INPUT FOR THIS TASK =>
□ □ □ □

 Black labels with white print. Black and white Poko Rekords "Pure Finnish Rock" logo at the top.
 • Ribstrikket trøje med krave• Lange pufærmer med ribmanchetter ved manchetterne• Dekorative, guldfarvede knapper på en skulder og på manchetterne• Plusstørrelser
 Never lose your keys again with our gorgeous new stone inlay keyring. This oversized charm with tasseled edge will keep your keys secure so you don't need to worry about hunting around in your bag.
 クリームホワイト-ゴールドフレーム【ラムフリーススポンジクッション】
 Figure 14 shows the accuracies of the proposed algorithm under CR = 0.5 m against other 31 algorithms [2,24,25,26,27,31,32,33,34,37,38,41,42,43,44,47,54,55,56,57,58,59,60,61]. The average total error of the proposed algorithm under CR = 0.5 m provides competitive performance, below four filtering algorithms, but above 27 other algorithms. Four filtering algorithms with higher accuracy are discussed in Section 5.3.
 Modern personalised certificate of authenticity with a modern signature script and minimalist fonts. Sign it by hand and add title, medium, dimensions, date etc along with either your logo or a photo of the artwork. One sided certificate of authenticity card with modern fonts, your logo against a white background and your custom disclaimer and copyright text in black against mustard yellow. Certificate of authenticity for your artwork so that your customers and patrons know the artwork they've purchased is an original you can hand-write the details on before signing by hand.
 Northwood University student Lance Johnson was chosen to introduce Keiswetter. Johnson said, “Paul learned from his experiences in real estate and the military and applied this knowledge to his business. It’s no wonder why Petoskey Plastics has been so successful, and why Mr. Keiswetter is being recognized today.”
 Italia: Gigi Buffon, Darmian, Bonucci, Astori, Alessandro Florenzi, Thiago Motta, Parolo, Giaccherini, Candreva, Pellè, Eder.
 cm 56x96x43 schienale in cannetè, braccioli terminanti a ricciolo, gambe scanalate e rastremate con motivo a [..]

□ □ □ □

Output, exactly and in full, the lines from the start of the entries above through the line that contains "på manchetterne• Plusstørrelser".

 Black labels with white print. Black and white Poko Rekords "Pure Finnish Rock" logo at the top.
 • Ribstrikket trøje med krave• Lange pufærmer med ribmanchetter ved manchetterne• Dekorative, guldfarvede knapper på en skulder og på manchetterne• Plusstørrelser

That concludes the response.